*** Task data Section Begins ***

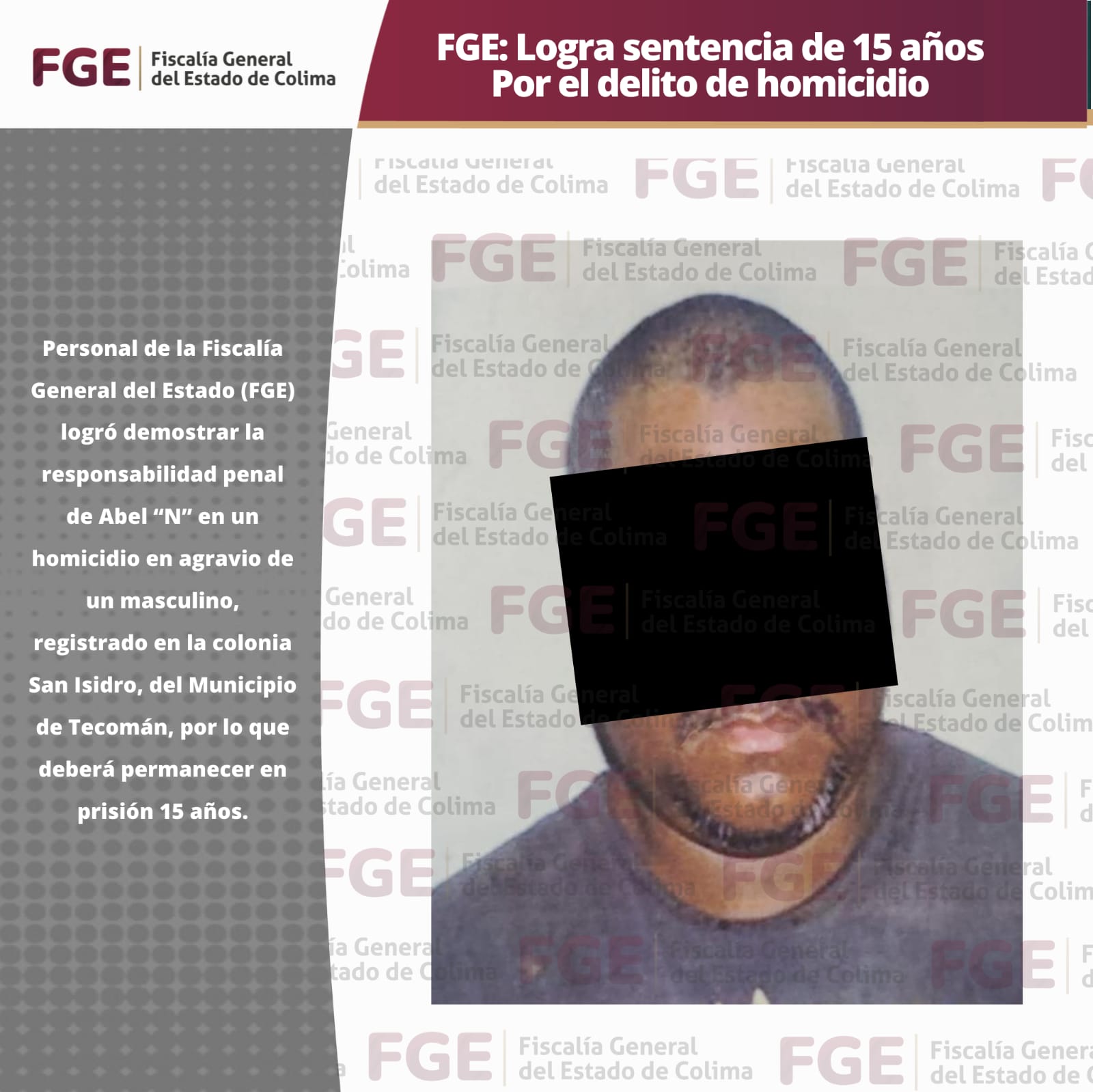 FGE: Logra sentencia de 15 años Por el delito de homicidio
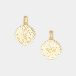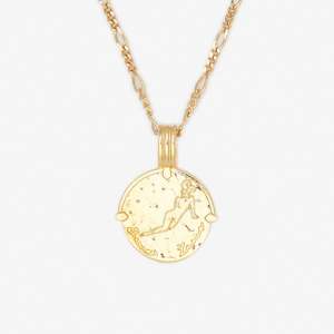 Portrayed through the tangible magic that is the female form, these pendants feature the zodiac signs as drawn by Kaia Etezadi for Deux Lions Jewelry. Together, Kaia and Deux Lions bring your horoscope to life through the essence of a woman, as a fierce and powerful goddess. She may represent you, or she may represent who you choose to have looking over you, guiding you from way up in the stars. These handcrafted unisex necklaces are adorned with the universal zodiac sign on the backside. DETAILS - 14k gold vermeil - 16 inch chain (model shown wearing 18 inch chain) - Pendant size 1.4cm x 1.4cm - Packaged in glass tube with cork top - Handcrafted in Montreal Note: gold vermeil will eventually evolve to its sterling silver base over time, varying from months to years depending on skin type and wear.
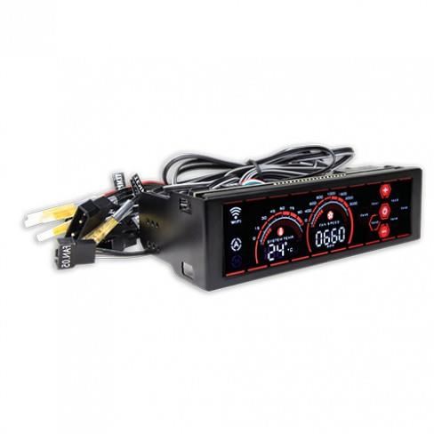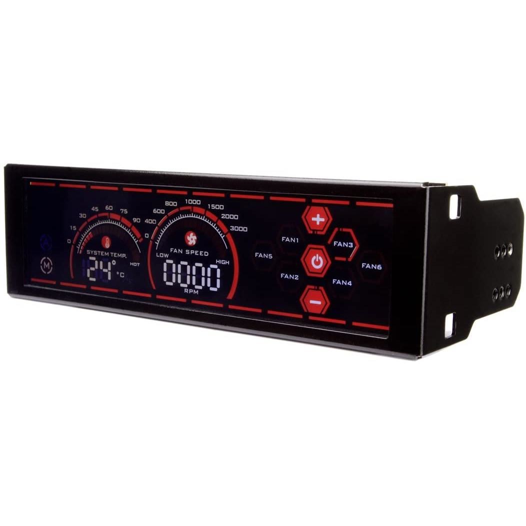 Fan controller Alseye A-100 iluminare rosie, fan controller 5.25” cu touch screen si senzori de temperatura, se pot controla 6 ventilatoare (se pot monta ventilatoare cu conectori cu 3pin sau 4pin), 6 senzori de temperatura, 6 canale (2x 24W + 4x 15W), alarma de temperatura, posibilitatea conectarii pompei al unui sistem LCS (liquid cooling system), dimensiuni: 147x66x42.6 mm, greutate: 258.8g
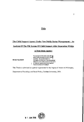 The subject of child support is one that crosses the boundaries of many academic disciplines, not least public and social policy. The formation of effective child support policy and the efficient implementation are fundamental requirements in order to sustain a fair and workable system for the provision of financial maintenance for children after the separation of their biological parents. This study considers the combination of changes brought about by the themes of new public management in the introduction and implementation of a controversial child support policy and the subsequent execution of child support legislation by the Child Support Agency. The emphasis is made on the Child Support Agency as a Next Steps Agency in analyzing its internal organization and operational performances within the themes of new public sector management. In this study comparisons are made between what child support policy was intended to achieve under the principles of new public sector management and the actual outcomes that have been realized
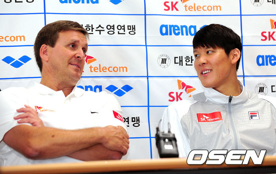 박태환과 마이클 볼 코치가 인터뷰 중 이야기를 나누고 있다 / soul1014@osen.co.kr
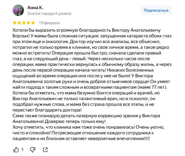 Хотели бы выразить огромную благодарность Виктору Анатольевичу Борзых! У мамы была сложная ситуация: запущенная катаракта обоих глаз при этом еще и онкология. Доктор изучил все анализы, все объяснил, потратил не только время в клинике, но свое личное время, а такое редко можно встретить! Операция прошла быстро, сначала сделали правый глаз, а на следующий день - левый. Через несколько часов после операции, мама практически вернулась к обычному образу жизнь, а через день после первой операции начала читать! Никаких болезненных ощущений во время операции или после у нее не было! У Виктора Анатольевича золотые руки и очень доброе отзывчивое сердце! Он умеет найти подход к таким сложным и возвратными пациентам (маме 77 лет).

*** Task data Section Ends ***

- _Task statement_
Verbatim repetition of the entries is required, excluding any pictures.

- _Written solution_
 FGE: Logra sentencia de 15 años Por el delito de homicidio
 Portrayed through the tangible magic that is the female form, these pendants feature the zodiac signs as drawn by Kaia Etezadi for Deux Lions Jewelry. Together, Kaia and Deux Lions bring your horoscope to life through the essence of a woman, as a fierce and powerful goddess. She may represent you, or she may represent who you choose to have looking over you, guiding you from way up in the stars. These handcrafted unisex necklaces are adorned with the universal zodiac sign on the backside. DETAILS - 14k gold vermeil - 16 inch chain (model shown wearing 18 inch chain) - Pendant size 1.4cm x 1.4cm - Packaged in glass tube with cork top - Handcrafted in Montreal Note: gold vermeil will eventually evolve to its sterling silver base over time, varying from months to years depending on skin type and wear.
 Fan controller Alseye A-100 iluminare rosie, fan controller 5.25” cu touch screen si senzori de temperatura, se pot controla 6 ventilatoare (se pot monta ventilatoare cu conectori cu 3pin sau 4pin), 6 senzori de temperatura, 6 canale (2x 24W + 4x 15W), alarma de temperatura, posibilitatea conectarii pompei al unui sistem LCS (liquid cooling system), dimensiuni: 147x66x42.6 mm, greutate: 258.8g
 The subject of child support is one that crosses the boundaries of many academic disciplines, not least public and social policy. The formation of effective child support policy and the efficient implementation are fundamental requirements in order to sustain a fair and workable system for the provision of financial maintenance for children after the separation of their biological parents. This study considers the combination of changes brought about by the themes of new public management in the introduction and implementation of a controversial child support policy and the subsequent execution of child support legislation by the Child Support Agency. The emphasis is made on the Child Support Agency as a Next Steps Agency in analyzing its internal organization and operational performances within the themes of new public sector management. In this study comparisons are made between what child support policy was intended to achieve under the principles of new public sector management and the actual outcomes that have been realized
 박태환과 마이클 볼 코치가 인터뷰 중 이야기를 나누고 있다 / soul1014@osen.co.kr
 Хотели бы выразить огромную благодарность Виктору Анатольевичу Борзых! У мамы была сложная ситуация: запущенная катаракта обоих глаз при этом еще и онкология. Доктор изучил все анализы, все объяснил, потратил не только время в клинике, но свое личное время, а такое редко можно встретить! Операция прошла быстро, сначала сделали правый глаз, а на следующий день - левый. Через несколько часов после операции, мама практически вернулась к обычному образу жизнь, а через день после первой операции начала читать! Никаких болезненных ощущений во время операции или после у нее не было! У Виктора Анатольевича золотые руки и очень доброе отзывчивое сердце! Он умеет найти подход к таким сложным и возвратными пациентам (маме 77 лет).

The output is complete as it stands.